Cervical Spine Dysfunction. CRANIOFACIAL PAIN OF CERVICAL ORIGIN Recognize craniofacial pain of cervical origin Understand basic anatomy and physiology of the upper cervical spine Overview of craniovertebral testing and treatment. Occipital/supraorbital syndrome (C1).
OA unilateral lesion, unilateral pain, retroorbital nausea
Unilateral Pain from posterior rami C2, sharp shooting attacks of pain, pain at posterior neck to vertex, pain at retromastoid region
Otic Syndrome- Ventral Rami C2-lesser occipital nerve and greater auricular nerve
Pain, buzzing, vertigo symptoms related to ears without ear pathology
Auriculomandibular Neuralgia - C3 greater auricular nerve
Pain corresponds to C3, occipital headache, pain radiating to auricular lobe and angle of mandible, generally unilateral
Facet Joint Referred Pain Patterns greater auricular nerve
C2 - C3 and C3 - C4 refer pain into head
The cervical spine connection greater auricular nerve
Trigeminal system and C1-C3 nerves along with CN VII, IX,X
Pain fibers descending from the brain stem converge in the posterior horn of the upper cervical spine. This convergence gives an anatomical basis for pain referral from the neck to the head.
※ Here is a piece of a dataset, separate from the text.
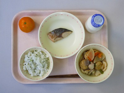 菜飯、牛乳、関東煮、はまちの照り焼き、みかん

A Single Combined Nucleus-Trigeminocervical Nucleus greater auricular nerve
“terminals of the trigeminal nerve and the upper three cervical nerves ramify in a continuous column of grey matter formed by the par caudalis of the spinal nucleus of the trigeminal nerve and dorsal horns of the upper three cervical segments”
Transmits PAIN greater auricular nerve
Nociceptive information from cervical spine tissues is transmitted to the trigeminocervical nucleus, which in turn gives the patient the perception of symptoms in the head, face and jaw area.